KindaFunne: By Pat Bagley/Salt Lake Tribune



Quote du jour:
"The last capitalist we hang shall be the one who sold us the rope."

Karl Marx


Writings of Our Founding Fathers
Federalist Papers


Federalist No. 23


The Necessity of a Government as Energetic as the One Proposed to the Preservation of the Union


From the New York Packet.


Tuesday, December 18, 1787.


Author: Alexander Hamilton

To the People of the State of New York:


THE necessity of a Constitution, at least equally energetic with the one proposed, to the preservation of the Union, is the point at the examination of which we are now arrived.


This inquiry will naturally divide itself into three branches the objects to be provided for by the federal government, the quantity of power necessary to the accomplishment of those objects, the persons upon whom that power ought to operate. Its distribution and organization will more properly claim our attention under the succeeding head.


The principal purposes to be answered by union are these the common defense of the members; the preservation of the public peace as well against internal convulsions as external attacks; the regulation of commerce with other nations and between the States; the superintendence of our intercourse, political and commercial, with foreign countries.


The authorities essential to the common defense are these: to raise armies; to build and equip fleets; to prescribe rules for the government of both; to direct their operations; to provide for their support. These powers ought to exist without limitation, BECAUSE IT IS IMPOSSIBLE TO FORESEE OR DEFINE THE EXTENT AND VARIETY OF NATIONAL EXIGENCIES, OR THE CORRESPONDENT EXTENT AND VARIETY OF THE MEANS WHICH MAY BE NECESSARY TO SATISFY THEM. The circumstances that endanger the safety of nations are infinite, and for this reason no constitutional shackles can wisely be imposed on the power to which the care of it is committed. This power ought to be coextensive with all the possible combinations of such circumstances; and ought to be under the direction of the same councils which are appointed to preside over the common defense.

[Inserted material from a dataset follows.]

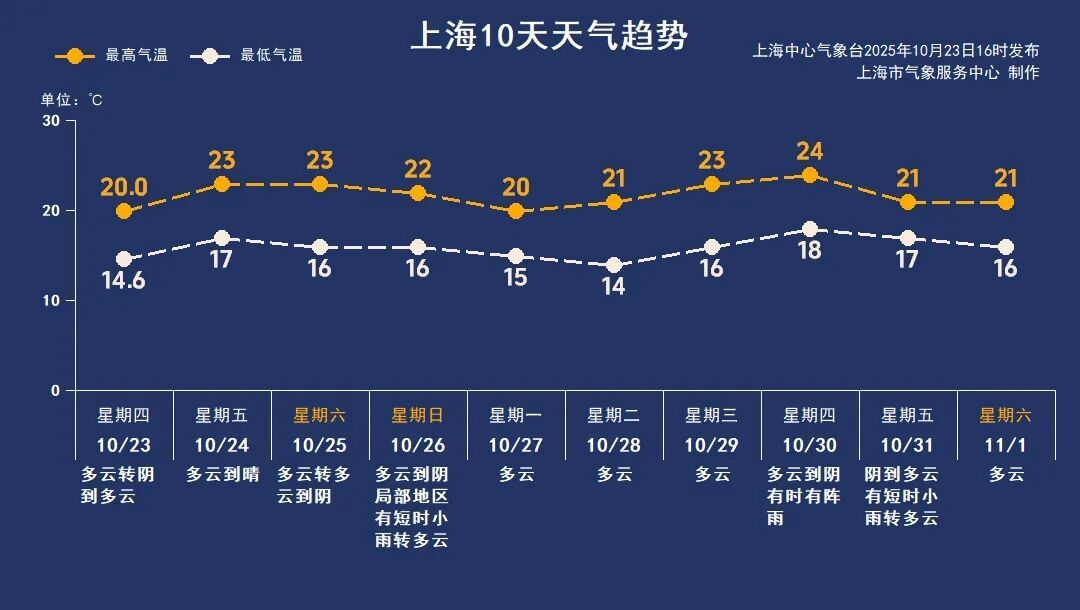 今日进入“霜降”节气 “霜降”节气上海显现出秋高气爽的特点 节气常年平均气温为17.5℃ 平均降水量为23.6毫米 随着冷空气势力增强 降温幅度和昼夜温差增大 大家熟悉的 “洋葱穿衣法” 也将派上用场 “霜降”也是上海全年中天气最平稳 预警最少的节气 今天上午 阳光理想,秋高气爽 中午前后 受海上冷流云系影响,云量增多 市区徐家汇站全天气温在14.6℃-20.0℃ 最低气温再刷下半年新低 午后起风力也有所增大 陆地6级阵风 沿江沿海地区有6~7级阵风 风大加上气温偏低,秋凉明显 网友纷纷吐槽: 上海直接入冬了…… 也有网友表示: 这个天气最舒服 还有网友 甚至开始怀!念!夏!天! 明天天气更为晴好 气温进一步上升 中心城区全天气温在17~23℃之间 郊区早晚要凉一些 最低气温在13~16℃左右 需要提醒大家的是 受高空动量下传影响 风仍比较大 阳台晾晒换季衣物记得做好固定措施 明天多云到晴 偏北风4-5级阵风6级 沿江沿海地区5级阵风6-7级 明天最高气温23度,最低气温17度 明天相对湿度45%-85% 马上就要到周末了 未来几天上海的天气如何呢? ↓↓↓ 周六延续秋高气爽的天气,气温宜人 很适合大家安排出游活动 周日受弱冷空气扩散影响 云系有所增多,伴有弱降水 下周初阳光回归,弱冷空气叠加辐射降温 气温回落,特别是早晚,秋凉明显 预计月底还将有一次弱冷空气天气过程 近期气温起起伏伏 很容易诱发感冒 大家及时关注天气 安排好生活和出行 10月25日(周六):多云转多云转阴,16~23℃ 10月26日(周日):多云到阴局部地区有短时小雨转多云,16~22℃ 10月27日(周一):多云,15~20℃ 10月28日(周二):多云,14~21℃

This is one of those truths which, to a correct and unprejudiced mind, carries its own evidence along with it; and may be obscured, but cannot be made plainer by argument or reasoning. It rests upon axioms as simple as they are universal; the MEANS ought to be proportioned to the END; the persons, from whose agency the attainment of any END is expected, ought to possess the MEANS by which it is to be attained.


Whether there ought to be a federal government intrusted with the care of the common defense, is a question in the first instance, open for discussion; but the moment it is decided in the affirmative, it will follow, that that government ought to be clothed with all the powers requisite to complete execution of its trust. And unless it can be shown that the circumstances which may affect the public safety are reducible within certain determinate limits; unless the contrary of this position can be fairly and rationally disputed, it must be admitted, as a necessary consequence, that there can be no limitation of that authority which is to provide for the defense and protection of the community, in any matter essential to its efficacy that is, in any matter essential to the FORMATION, DIRECTION, or SUPPORT of the NATIONAL FORCES.

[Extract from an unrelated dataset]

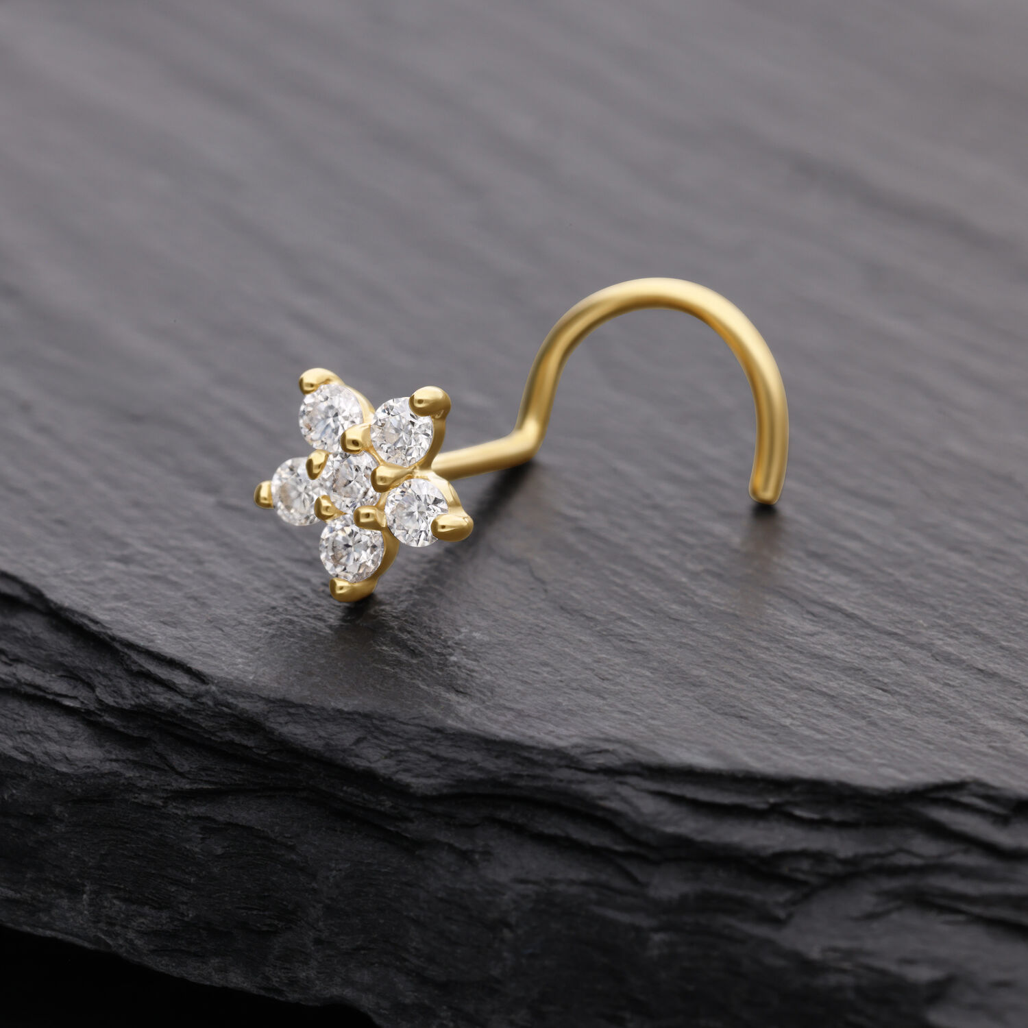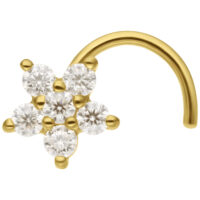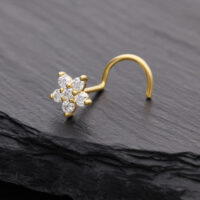 Elegantti 18K Moissanit Flower -nenäkoru on valmistettu hienosta, kiillotetusta 18 karaatin (750) keltakullasta, yhdistäen ensiluokkaiset materiaalit ja ajattoman eleganssin. Hienostunutta kukkamuotoilua koristaa viisi säihkyvää moissaniittikiveä, jotka heijastavat poikkeuksellista loistoa ja hienovaraista kauneutta.

Defective as the present Confederation has been proved to be, this principle appears to have been fully recognized by the framers of it; though they have not made proper or adequate provision for its exercise. Congress have an unlimited discretion to make requisitions of men and money; to govern the army and navy; to direct their operations. As their requisitions are made constitutionally binding upon the States, who are in fact under the most solemn obligations to furnish the supplies required of them, the intention evidently was that the United States should command whatever resources were by them judged requisite to the "common defense and general welfare." It was presumed that a sense of their true interests, and a regard to the dictates of good faith, would be found sufficient pledges for the punctual performance of the duty of the members to the federal head.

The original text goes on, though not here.